In the first two articles in this series we analyzed when to consider using technology assisted review of documents in civil litigation and how to work with opposing counsel to achieve positive strategic results. In this final installment, we explain the best ways to realize cost savings for your client through technology assisted review.

After choosing the right method of technology assisted review (TAR) and working with opposing counsel to ensure that your use of TAR is approved by the court, you must still attempt to achieve cost effectiveness in its use. While many practitioners assume that using TAR instead of attorneys will mean reduced cost, this assumption does not always prove true.

During the TAR process, increased costs generally occur at three levels – privilege review, validation and unnecessary motions practice. Even the best-managed TAR can fall victim to expensive complications at any stage, but planning ahead can help you avoid a surprise surge in bills in these areas.

Managing a privilege review of documents identified by computer software raises both cost and ethical issues. Once you and your litigation adversary have agreed on a responsiveness threshold, you may choose manually to conduct the privilege review of those documents or work such a review into the TAR process. The complexity of the privilege review will impact this decision, as cases involving numerous privilege issues across the production that cannot easily be distilled (i.e., by custodian attorneys, keywords, proper time periods) may not allow for effective identification of those documents through software alone. At that point, a manual review may be necessary despite the potential for increased costs.

Alternatively, even in complex situations you could negotiate with opposing counsel a comprehensive protective order governing the confidentiality of the documents produced through TAR, focusing on an airtight clawback provision. This would allow you to use the TAR process to identify and withhold potentially privileged documents while producing the balance of responsive material without additional manual review. If privileged materials are produced, you can immediately claw them back and, if additional batches of documents need to be reviewed and produced, you can alter and improve the TAR process.

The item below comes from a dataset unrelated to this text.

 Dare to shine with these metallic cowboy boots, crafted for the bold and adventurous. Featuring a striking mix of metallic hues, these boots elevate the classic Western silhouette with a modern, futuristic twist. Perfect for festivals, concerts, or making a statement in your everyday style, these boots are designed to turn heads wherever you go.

Meanwhile, validation of TAR results can become an endless rabbit hole. The best way to avoid this is to establish a professional working relationship with opposing counsel. As noted in the second article in this series, you should avoid setting arbitrary responsiveness cut-offs and production criteria and instead share one or two sampling sets to demonstrate accuracy. A reasonably accurate initial seed set, shared with opposing counsel, will often help the collaborative process.

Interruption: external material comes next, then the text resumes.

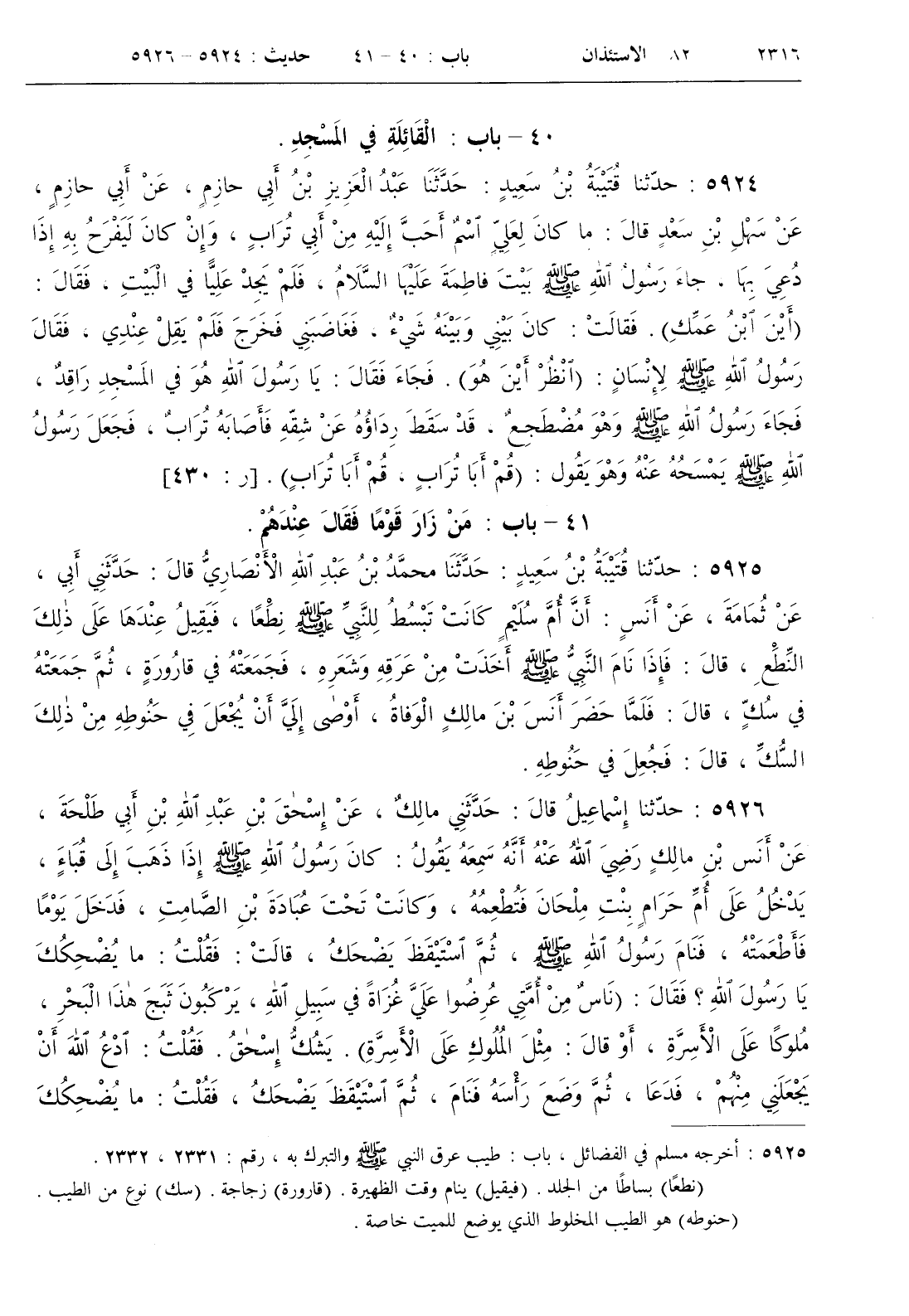 [ ش أخرجه مسلم في الفضائل باب طيب عرق النبي صلى الله عليه و سلم والتبرك به رقم 2331 ، 2332

As to motions practice, recent precedent and The Sedona Conference® Principles both suggest that acting in good faith will allow you to position yourself well before a court. In addition, documenting the TAR process and, if challenged by your adversary, revealing the method and goal of that process to the court in one fell swoop should allow you to avoid litigating the issue through expensive, piecemeal discovery motions.

In its three installments, this short series has explained the nature of TAR, discussed when to consider using it, set out keys to its strategic use in litigation, emphasized the importance of working with an informed opposing counsel, and noted ways in which you can avoid unpredictable costs. By understanding the nature of this emerging technology, lawyers have an opportunity to provide more efficient and more effective counsel to clients in large-scale civil litigation.